In the Citreon Xantia television ad, all three main players in the equation - the mad dog, the Englishman and the midday sun - put in an appearance, and are helpfully identified using captions. The major twist is that the Englishman, far from sharing in the dog's dementia, gets to brave the heat in style, in the comfort of a Citreon Xantia equipped with air conditioning. The implicit narrative of the ad concerns the vehicle's imperviousness to the unforgiving aura of the desert outside, of which the dog serves as an apt manifestation. The effectiveness of the advert is rooted in the minimalist approach it takes to sound and visuals. The desert has an inertia, but not a calmness. The glare of the sun is oppressive, there is a great sense of discomforting, agitated restlessness, as conveyed in the relentless movements of the dog, and the initial succession of images is blurred and unfocussed, giving the ad a distinctly hallucinatory feel, as if we, like the dog, are suffering from the effects of the midday heat. It is only once we join the Englishman inside the featured vehicle that we get reacquainted with some form of clarity. Inside the Citreon it is completely silent - the sounds of the desert, along with the heat, are kept firmly at bay. The formal attire and collected demeanour of our English motorist stand in obvious contrast to the furious quadruped with whom she shares his noonday territory. Both are covering the sweltering terrain in good speed, but while the dog seems to be lumbering along on a senseless journey ever deeper into disconcertion (represented by a psychedelic orange tint presumably intended to constitute the dog's rabies-addled perspective) the driver is cool and unflustered and presumably knows exactly where he's headed. And of course he also has everything at the touch of a button, as illustrated in the shot where he adjusts his AC to max, shortly before breezing across the desert, comfortably ahead of the demented bloodhound on his tail. The final promise, thus, is one of complete control in a deeply chaotic universe.

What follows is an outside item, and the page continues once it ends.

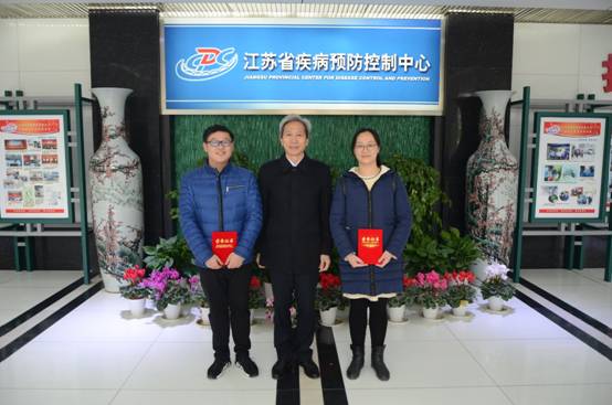 朱宝立书记为获得2015年度江苏省卫生计生委优秀共青团员荣誉称号的陈强和高茜茜颁发荣誉证书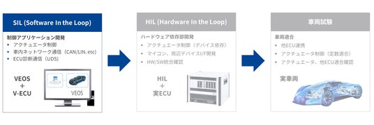 V-ECU環境でソフトウェアを開発することにより、ハードウェア依存部開発や車種適合開発の前工程である制御アプリケーション開発において、車内ネットワーク機能を介して複数のV-ECUとアクチュエータ制御を繋げた協調動作確認が可能になります。

But never mind the virtues of the Citreon Xantia - with its eldritch imagery and eerie undertones, the advert gives the sensation that we've strayed, momentarily, from the safety net of normalcy and into a way-out ferality too perplexing to be expressed in words. The mad dog and the Englishman, while presented as polar opposites, in practice end up feeling like two sides of the very same coin, in a manner that seems befitting to the Coward ditty that inspired the ad's unsettling visual metaphors. Both of them convey a distinctive kind of freakishness - the dog in its distorted, feverish frenzy, the motorist in an intense silence that serves less as a counterpoint to the heat-inflicted dementia outside than a deepening of the overall disorientation. The interior of the Citreon becomes a vacuum, offering not refuge but a vast unnatural emptiness where some kind of presence should be. The vehicle may be perfectly insulated from everything beyond it, but that silence comes to feel every bit as oppressive as the glare outside, and as unnerving as the dog's discombobulated howls. The Englishman might fancy himself as the master of his environs, but he's really just another curiosity in a mind-bending landscape, confounding in his determination to shut himself off and remain willfully oblivious to everything around him. This is something to which the ad appears to concede in its final image, which shows the dog in hot pursuit of the Citreon - for as assured as the driver feels in his self-contained domain, it's painfully clear that if he were to set foot outside, he'd be well-broiled dog chow. What we therefore have is an illustration of the gulf between the motorist's self-perception and how the rest of the world perceives him. In his fully air-conditioned bubble, he's the top dog, while in reality he's the quarry of a very different dog. 

That, or it's a cute visual punchline showing that even mad dogs in the sweltering middle of nowhere cannot resist the playful urge to chase after moving vehicles.